_DATASET EXTRACT_:
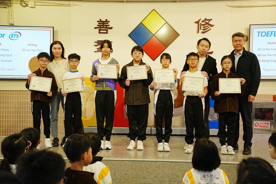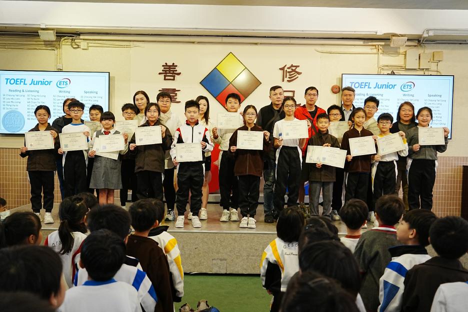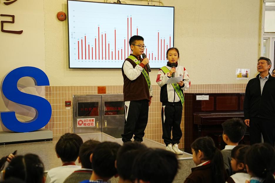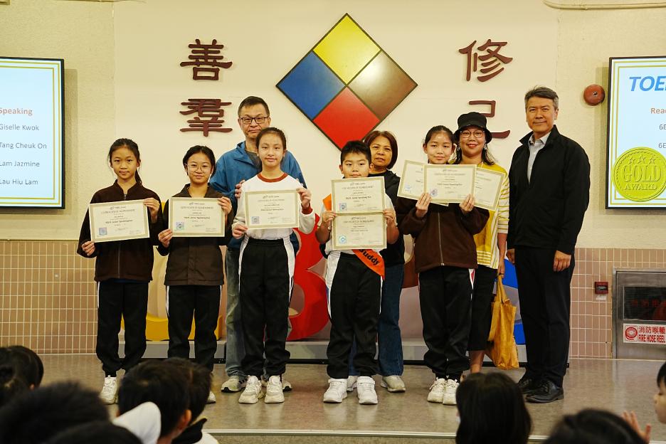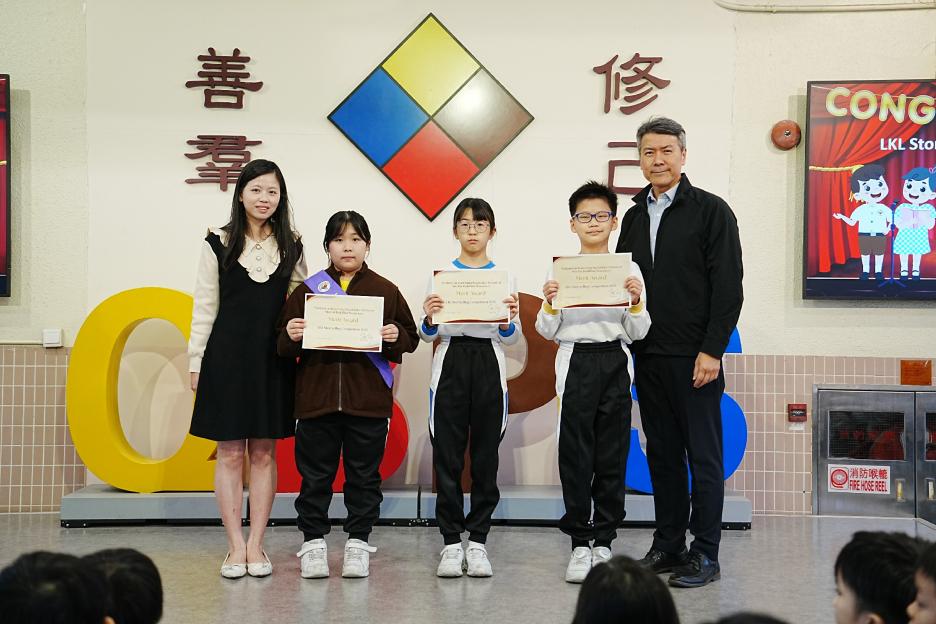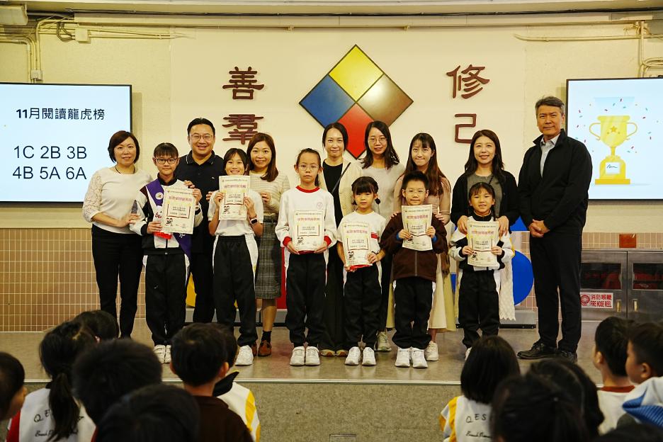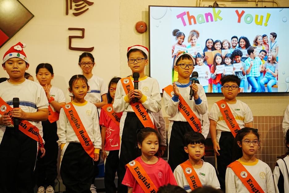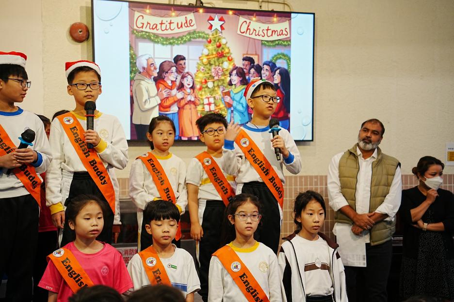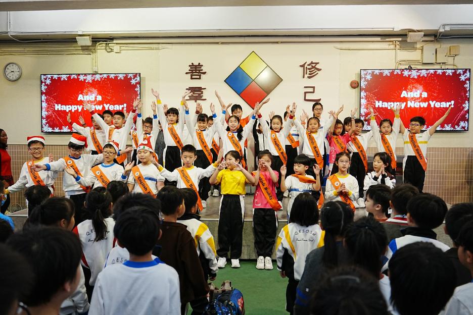 今天是英文早會。首先由English Buddies為我們帶來一系列聖誕歌曲,預祝大家聖誕節快樂!接著是班際借閱比賽頒獎,各班同學都努力借閱圖書,只要多借書、多閱讀,就能為班爭光,共享榮譽與獎品!另外,「25-26悦讀千里號獎勵計劃」計劃已啟航,同學一起讀,一起獎,探索書海無邊界。最後是魔力橋數學棋小學邀請賽初賽頒獎。
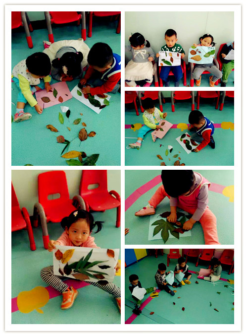 樹葉拼拼樂:寶貝們好認(rèn)真地在創(chuàng)作自己的大作呢
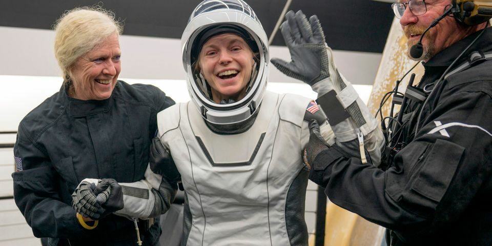 Nasa’s Zena Cardman is helped out of the SpaceX Dragon capsule after the successful landing. Photo: Nasa/AP

_ASSIGNMENT_: All the lines above need to be repeated exactly, with no pictures carried over.

_RESULT FOR THIS EXERCISE_:
 今天是英文早會。首先由English Buddies為我們帶來一系列聖誕歌曲,預祝大家聖誕節快樂!接著是班際借閱比賽頒獎,各班同學都努力借閱圖書,只要多借書、多閱讀,就能為班爭光,共享榮譽與獎品!另外,「25-26悦讀千里號獎勵計劃」計劃已啟航,同學一起讀,一起獎,探索書海無邊界。最後是魔力橋數學棋小學邀請賽初賽頒獎。
 樹葉拼拼樂:寶貝們好認(rèn)真地在創(chuàng)作自己的大作呢
 Nasa’s Zena Cardman is helped out of the SpaceX Dragon capsule after the successful landing. Photo: Nasa/AP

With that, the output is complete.